**EXERCISE PROMPT:** Restate each of the lines below word for word and drop every picture.

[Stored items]
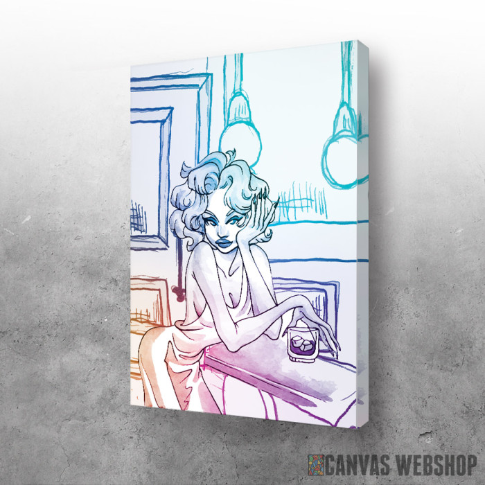 Girl in a bar je slika odštampana na kvalitetnom pamučnom platnu koje je zategnuto na ram od bukovog drveta. Slika Girl in a bar je dostupna u različitim dimenzijama.
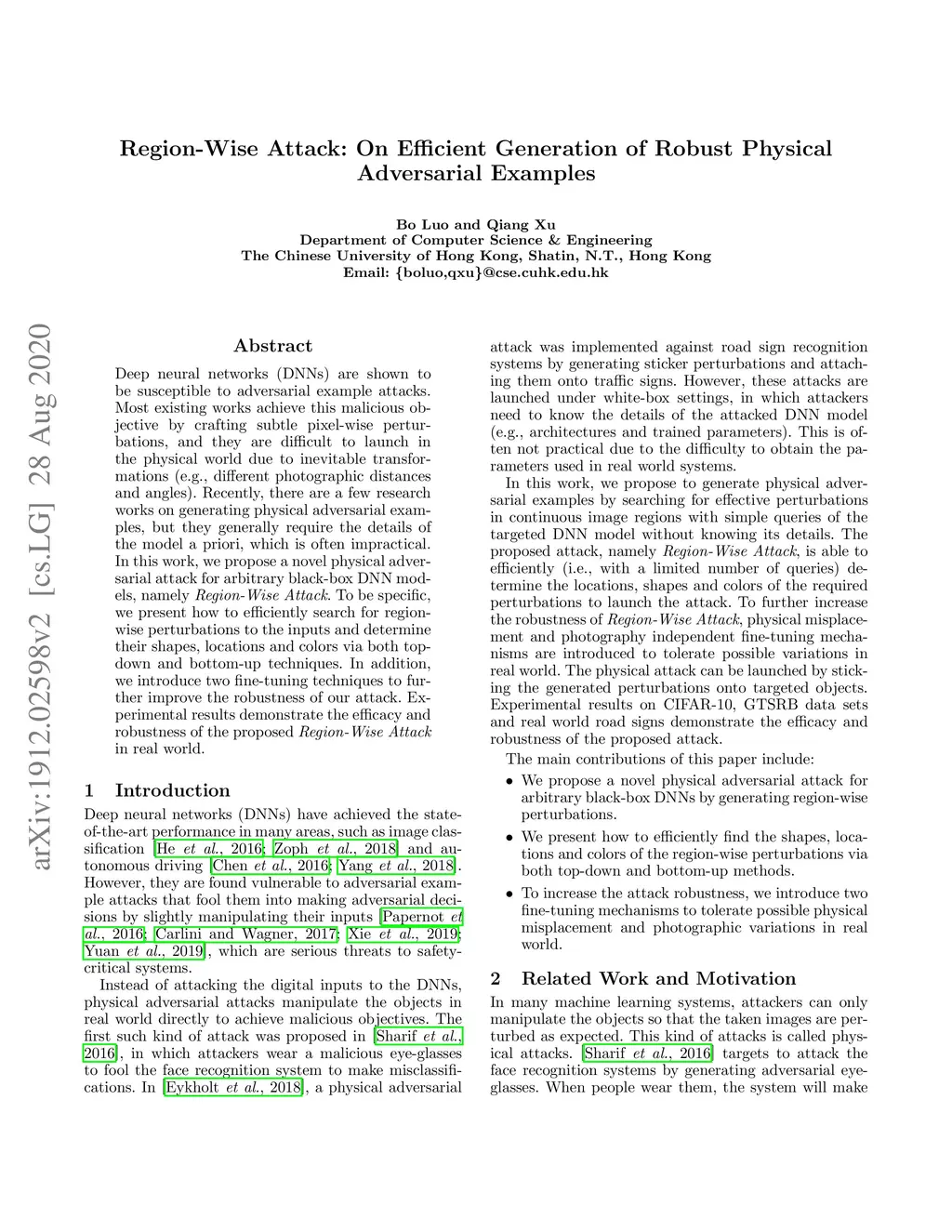 Region-Wise Attack: On Efficient Generation of Robust Physical
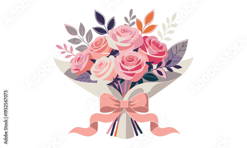 Soft Color Rose Bouquet Illustration Elegant Wedding Floral Arrangement vector illustration, easily editable.
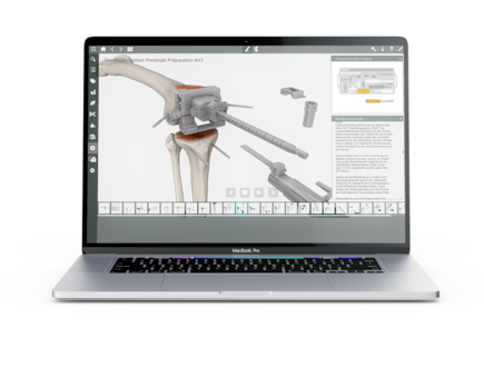 Narzędzie umożliwia udział w poszczególnych etapach zabiegu z każdej perspektywy. Oprócz technik chirurgicznych dostępnych już w konwencjonalnej formie, montaż i demontaż instrumentów są przedstawione w sposób czytelny, z dbałością o najmniejsze detale. Wszystkie ustawienia i pozycjonowanie instrumentów są prezentowane krok po kroku w formacie 3D. Odkryj różnorodność ustawień i opcji umożliwiających personalizację (Twoich) technik chirurgicznych.
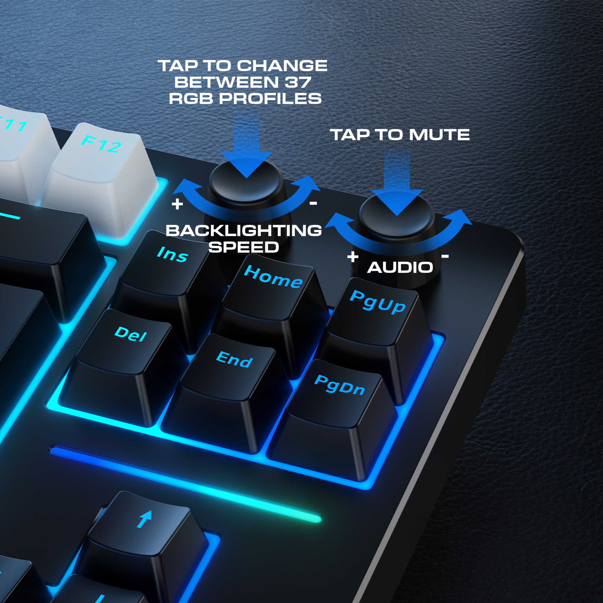 Dual Dials – The two dials are built for fast, intuitive control. The left dial manages your RGB: tap to cycle through up to 37 lighting profiles, and turn to adjust the animation speed. The right dial manages your audio: tap to instantly mute/unmute, and turn to adjust the system volume. With these tactile controls, you stay in command without leaving your game or software.
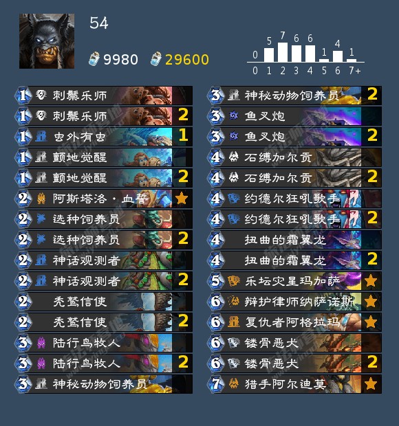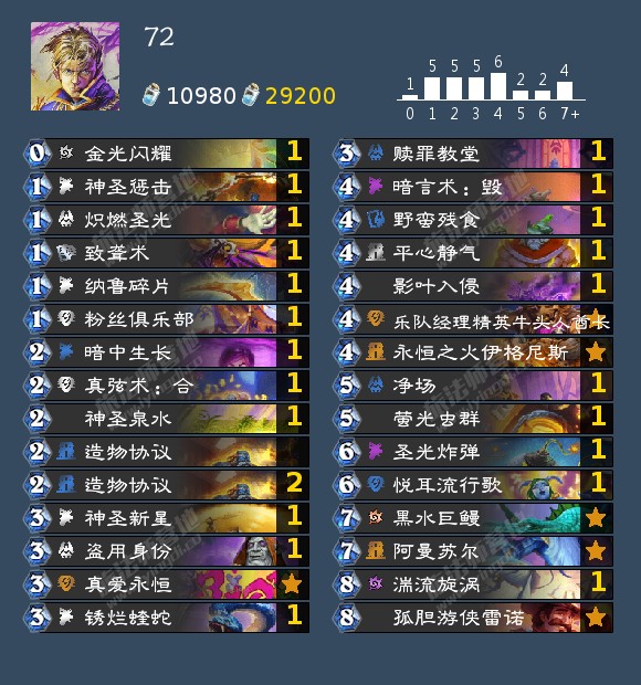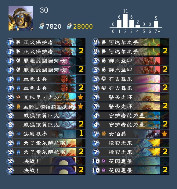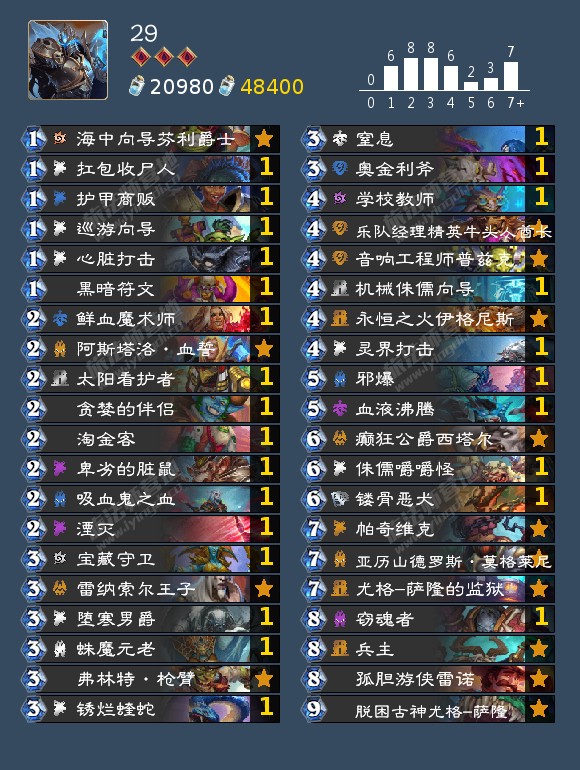 这次上线的补丁似乎影响不是很大,术士蛇之前就基本上没什么人玩了,现在虽然改回四费,但似乎也没把术士拉回正常水平,毕竟10太强了,但7又是一个比较微妙的数字。瞎子的削弱影响不大,猎人的削弱倒算是还行,圣骑士削了倒抽也就是削了上限,还是挺强的。总之总体影响还是不大的,貌似过段时间还有补丁,我比较希望看到有的弱势卡组被加强,貌似只削强的带来的环境变化不大呢。对卡组有疑问或想了解详细构筑的可以评论区问问,或者直接看网站 https://hearthstone-decks.net/,同时以后应该也会以网站数据为主,个人理解为辅讲解搬运卡组,同时隔壁b站会不定期直播:不知所措某萌新的个人空间_哔哩哔哩_bilibili 欢迎大家关注。 (搬运纯属个人行为,有疑问还请联系)
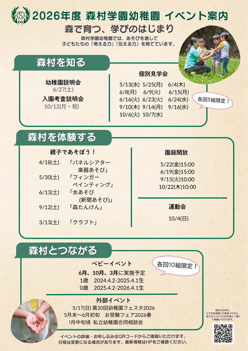 | 園庭開放 | 2026年5月22日(金) 15:00 2026年6月19日(金) 15:00 2026年9月15日(火) 10:00 2026年10月22日(木) 10:00 |
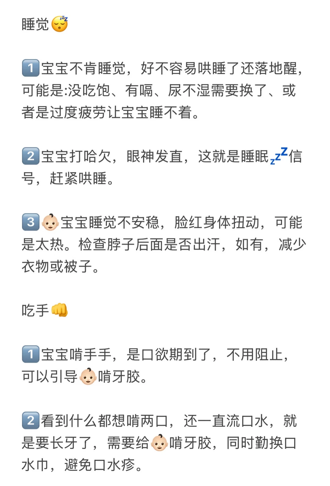 3️⃣👶🏻宝宝睡觉不安稳,脸红身体扭动,可能是太热。检查脖子后面是否出汗,如有,减少衣物或被子。
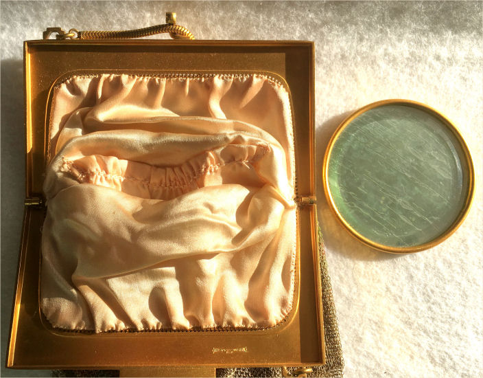 Very pretty floral design with smoky purple stripes along the sides. It is lined in yellow silk and has the original round beveled mirror. All in great condition ... nice art deco stepped frame which also has embossed stylized flowers. Measures 5" wide at hinges x 7" long overall. Previously listed for $550. (Click on pic for more photos.) |
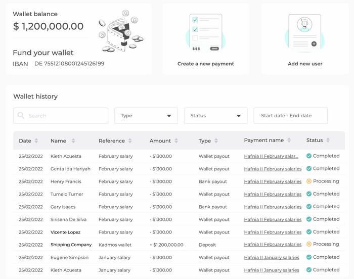 For employers, Kadmos provides a centralized salary payments platform for making and tracking payments, regardless of from where the worker hails.
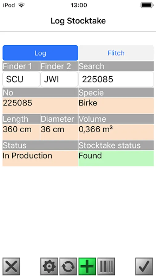 This App is for the stocktaking of Timber Logs. The App synchronises with your TIMBERplus system to retrieve stock data. Search logs by scan which automatically selects the scanned data as found, or search logs by manual input.
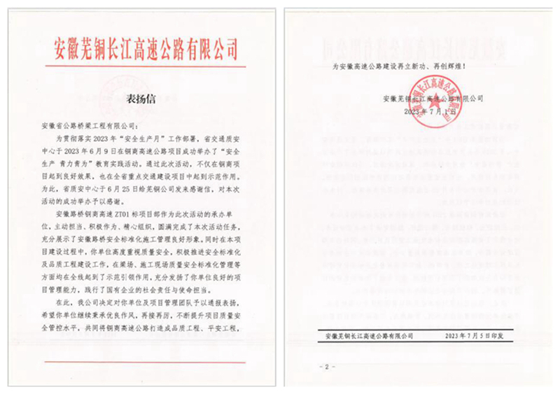 來信指出,公司承建的銅商高速無巢段ZT01標項目主動擔當、積極作為、精心組織,圓滿完成安徽省交通質安中心“安全生產 青力青為”教育實踐活動的承辦工作任務。同時在項目建設過程中,公司和項目管理團隊高度重視質量安全,積極推進安全標準化及品質工程建設工作,在梁場、施工現(xiàn)場質量安全標準化管理等方面均在全線起到了示范引領作用,充分展現(xiàn)了良好的項目管理能力,踐行了國有企業(yè)的社會責任與使命擔當。
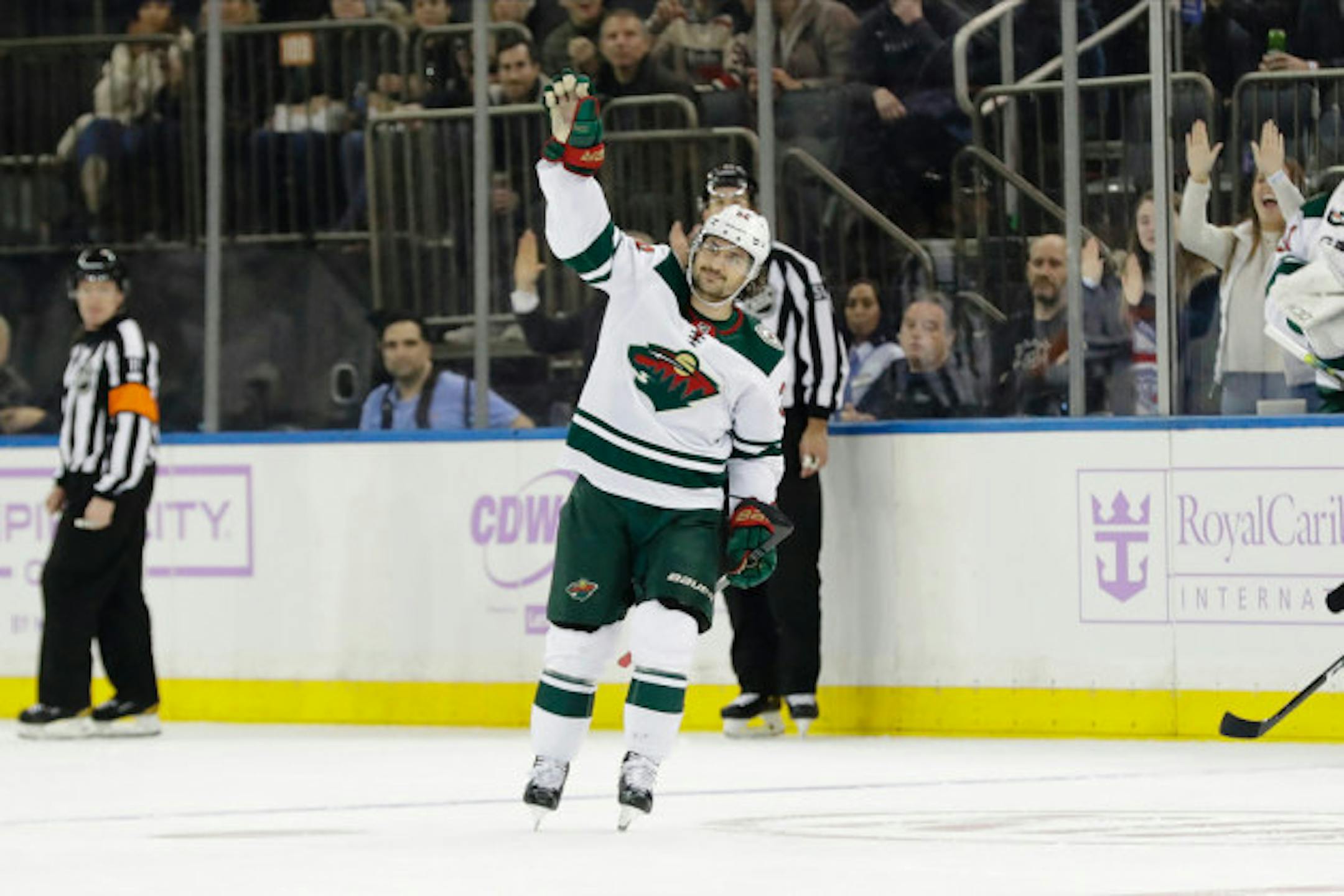 Before puck drop, fans lined up along the Wild's end of the rink and welcomed Zuccarello to the ice by holding up signs and his jersey. Others banged on the glass when he skated near them.
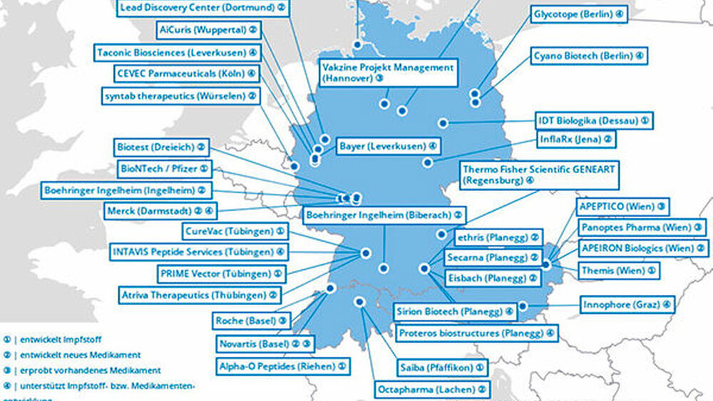 Die Karte beruht auf Recherchen des Verbandes Forschender Arzneimittelhersteller (vfa), BIO Deutschland, PHARMIG und Interpharma (Schweiz) sowie Meldungen der beteiligten Unternehmen und Medienberichten, meldet der vfa. Sie werde laufend ergänzt und aktualisiert, erhebe aber keinen Anspruch auf Vollständigkeit.

**TASK RESPONSE:**
 Girl in a bar je slika odštampana na kvalitetnom pamučnom platnu koje je zategnuto na ram od bukovog drveta. Slika Girl in a bar je dostupna u različitim dimenzijama.
 Region-Wise Attack: On Efficient Generation of Robust Physical
 Soft Color Rose Bouquet Illustration Elegant Wedding Floral Arrangement vector illustration, easily editable.
 Narzędzie umożliwia udział w poszczególnych etapach zabiegu z każdej perspektywy. Oprócz technik chirurgicznych dostępnych już w konwencjonalnej formie, montaż i demontaż instrumentów są przedstawione w sposób czytelny, z dbałością o najmniejsze detale. Wszystkie ustawienia i pozycjonowanie instrumentów są prezentowane krok po kroku w formacie 3D. Odkryj różnorodność ustawień i opcji umożliwiających personalizację (Twoich) technik chirurgicznych.
 Dual Dials – The two dials are built for fast, intuitive control. The left dial manages your RGB: tap to cycle through up to 37 lighting profiles, and turn to adjust the animation speed. The right dial manages your audio: tap to instantly mute/unmute, and turn to adjust the system volume. With these tactile controls, you stay in command without leaving your game or software.
 这次上线的补丁似乎影响不是很大,术士蛇之前就基本上没什么人玩了,现在虽然改回四费,但似乎也没把术士拉回正常水平,毕竟10太强了,但7又是一个比较微妙的数字。瞎子的削弱影响不大,猎人的削弱倒算是还行,圣骑士削了倒抽也就是削了上限,还是挺强的。总之总体影响还是不大的,貌似过段时间还有补丁,我比较希望看到有的弱势卡组被加强,貌似只削强的带来的环境变化不大呢。对卡组有疑问或想了解详细构筑的可以评论区问问,或者直接看网站 https://hearthstone-decks.net/,同时以后应该也会以网站数据为主,个人理解为辅讲解搬运卡组,同时隔壁b站会不定期直播:不知所措某萌新的个人空间_哔哩哔哩_bilibili 欢迎大家关注。 (搬运纯属个人行为,有疑问还请联系)
 | 園庭開放 | 2026年5月22日(金) 15:00 2026年6月19日(金) 15:00 2026年9月15日(火) 10:00 2026年10月22日(木) 10:00 |
 3️⃣👶🏻宝宝睡觉不安稳,脸红身体扭动,可能是太热。检查脖子后面是否出汗,如有,减少衣物或被子。
 Very pretty floral design with smoky purple stripes along the sides. It is lined in yellow silk and has the original round beveled mirror. All in great condition ... nice art deco stepped frame which also has embossed stylized flowers. Measures 5" wide at hinges x 7" long overall. Previously listed for $550. (Click on pic for more photos.) |
 For employers, Kadmos provides a centralized salary payments platform for making and tracking payments, regardless of from where the worker hails.
 This App is for the stocktaking of Timber Logs. The App synchronises with your TIMBERplus system to retrieve stock data. Search logs by scan which automatically selects the scanned data as found, or search logs by manual input.
 來信指出,公司承建的銅商高速無巢段ZT01標項目主動擔當、積極作為、精心組織,圓滿完成安徽省交通質安中心“安全生產 青力青為”教育實踐活動的承辦工作任務。同時在項目建設過程中,公司和項目管理團隊高度重視質量安全,積極推進安全標準化及品質工程建設工作,在梁場、施工現(xiàn)場質量安全標準化管理等方面均在全線起到了示范引領作用,充分展現(xiàn)了良好的項目管理能力,踐行了國有企業(yè)的社會責任與使命擔當。
 Before puck drop, fans lined up along the Wild's end of the rink and welcomed Zuccarello to the ice by holding up signs and his jersey. Others banged on the glass when he skated near them.
 Die Karte beruht auf Recherchen des Verbandes Forschender Arzneimittelhersteller (vfa), BIO Deutschland, PHARMIG und Interpharma (Schweiz) sowie Meldungen der beteiligten Unternehmen und Medienberichten, meldet der vfa. Sie werde laufend ergänzt und aktualisiert, erhebe aber keinen Anspruch auf Vollständigkeit.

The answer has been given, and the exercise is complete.